SIXTO V
1585-1590 d.C.
Uno
de los pontífices más importantes de la Edad Moderna.
Felice Peretti n. en Grattamare, pueblecito de la Marca de Ancona, el
13 dic. 1521. Hijo de un matrimonio muy modesto, ingresó en 1534
en la Orden de los franciscanos conventuales, donde sobresalió
como brillante orador sagrado, dándose a conocer, en aquel
ambiente turbado por contrarias corrientes ideológicas, como
partidario de la línea rigorista que triunfaría en Trento
(v.). Paulo IV (v.), que descubrió en él un temperamento
análogo al suyo, lo nombró inquisidor de Venecia (1557).
El sucesor de Paulo IV, Pío IV (v.), le trasladó a Roma
como consultor de la Inquisición romana (1560), y a
continuación fue designado Procurador General de los
Franciscanos, bajo la protección del Card. Ghislieri, futuro S.
Pío V (v.). Una vez Papa, S. Pío V, en 1566, le
nombró Vicario General de los Franciscanos Conventuales y obispo
de Santa Águeda, y, finalmente, Cardenal en 1570.
A pesar de tan brillante carrera, nadie pensaba en él como
futuro Papa al morir Gregorio XIII (v.); su elección fue fruto
de circunstancias fortuitas. Ni el emperador Rodolfo II ni Felipe II
presionaron al cónclave; éste se hallaba dividido en dos
bandos de fuerzas casi iguales, el de los Farnesios y el de los
Médicis, los cuales, no pudiendo hacer triunfar a sus candidatos
respectivos, se pusieron de acuerdo para designar a un independiente,
Peretti. Tenía entonces (24 abr. 1585) 64 años de edad.

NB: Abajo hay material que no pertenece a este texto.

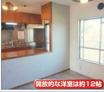
開放的な洋室は約12帖

No.2-002 売リマンション 331世帯のビッグコミュニティ 850 万円 ★南向きで日当たり良好 ★駅徒歩5分の立地 ★周辺環境良好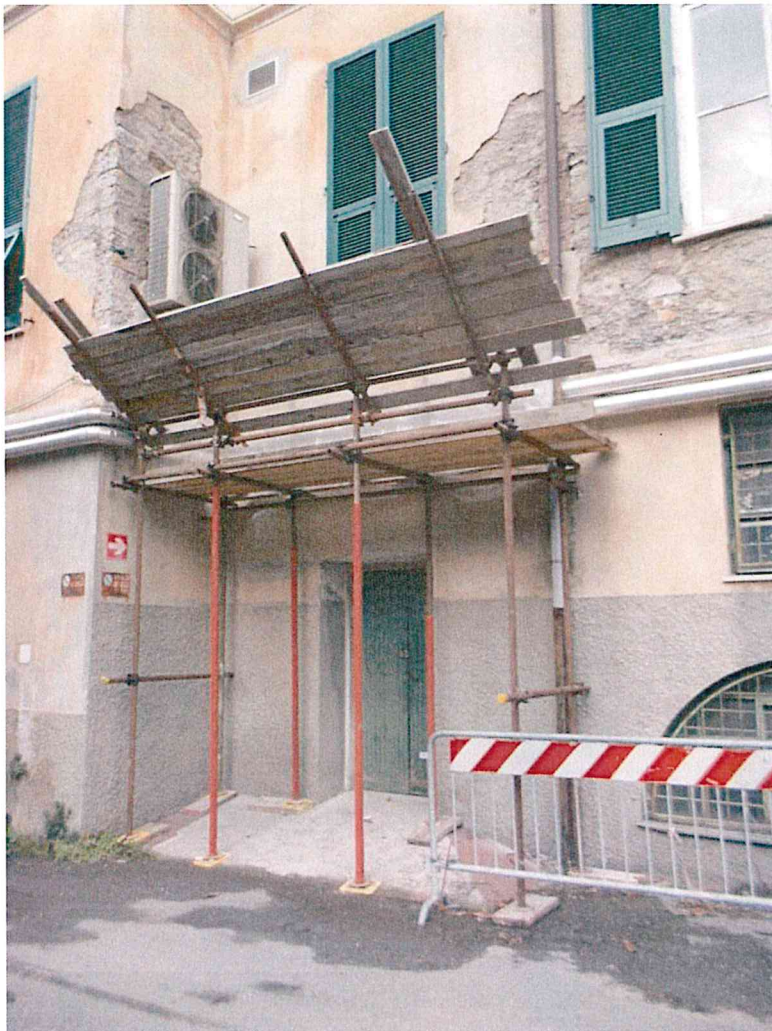
Foto 23,24 –prospetto principale, sopra angolo tra corpo centrale e ala est con mantovana sopra ingresso locali ad uso magazzino, nella foto sotto angolo tra corpo centrale e ala ovest scolastica con partenza canne fumarie impianto di riscaldamento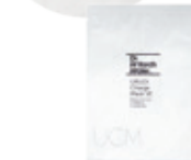
Dr.ウィラード・ うるおいチャージマスクVE 20mL×1枚 1,100円(税抜1,000円)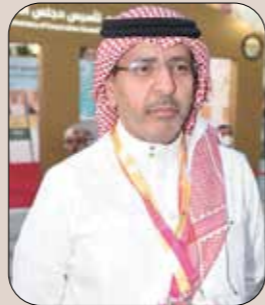
سعادة / خالد بن إبراهيم آل الشيخ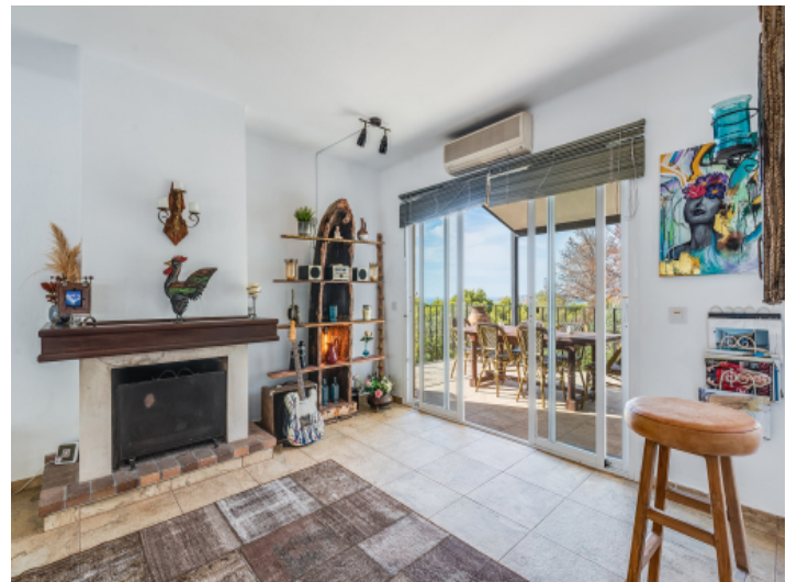
Zugang zur Terrasse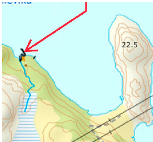
Oversiktskart, rød pil viser plassering

Si sólo reinó cinco años no se debió a su
edad, sino a las fatigas y emociones que su genio ardentísimo
experimentó en la agitada época en que hubo de asumir tan
graves responsabilidades; a pesar de su brevedad, su pontificado fue
uno de los más fecundos de la historia.
En su doble calidad de príncipe temporal y cabeza de la Iglesia
tuvo que intervenir en las grandes decisiones
político-religiosas en que se ventilaba el futuro de la
cristiandad. Italia estaba en paz; pero a S. V, como a tantos otros
italianos, le pesaba que aquella fuera una paz española; rodeado
de territorios españoles o influidos por España,
temía verse convertido en una especie de capellán del rey
católico, y en una ocasión manifestó amargamente
que, comparado con él, era, desde el punto de vista temporal,
«como una mosca comparada con un elefante». Felipe II
trató de desvanecer estas aprensiones, pero ni sus intromisiones
regalistas ni la altivez del conde de Olivares (v.), su embajador en
Roma, eran factores adecuados para llegar a una inteligencia. El Papa
reprochaba a Felipe II que los subsidios que recaudaba del estado
eclesiástico los empleaba en sus fines políticos, y no en
la lucha contra los piratas mahometanos, que era el objeto de su
concesión. Cuando preparó la Armada contra Isabel de
Inglaterra obtuvo del Papa la promesa de una ayuda financiera que
después le negó. Sin embargo, las mayores disidencias
surgieron con motivo de las guerras civiles de Francia. El Papa las
seguía acongojado ante la posibilidad de que aquella
porción importantísima de la Iglesia fuera dominada por
la herejía (v. HUGONOTES); apoyaba a la Liga (integrada por los
componentes del partido católico, que encabezaba la familia
Guisa (v.), frente a los partidarios del calvinista Enrique de
Borbón o de Navarra y a los que buscaban una solución de
compromiso en los conflictos religioso-políticos entonces
planteados), y a la vez desconfiaba de sus concomitancias con Felipe
II, de quien pensaba que, so pretexto de defender la religión,
quería apoderarse de Francia, paso decisivo hacia la
consecución de la monarquía universal, objetivo que los
suspicaces le atribuían.
El asesinato del duque de Guisa y de su hermano el cardenal por orden
de Enrique III, y luego el de este rey por lacobo Clemente
parecía que no dejaban al Papamás alternativa que apoyar
a la Liga y a Felipe II o dejar que se entronizase rey de Francia el
calvinista Enrique de Navarra, luego Enrique IV (v.). Las
hábiles maniobras de éste y de sus partidarios
católicos, que hicieron esperar al Papa su próxima
conversión, le ganaron su favor y, con gran indignación
de Felipe II, se negó a excomulgar a los partidarios del
Borbón. S. V no llegó a ver el triunfo final de esta
política; víctima de unas fiebres, que su estado de
agotamiento convirtió en mortales, m. el 27 ag. 1590.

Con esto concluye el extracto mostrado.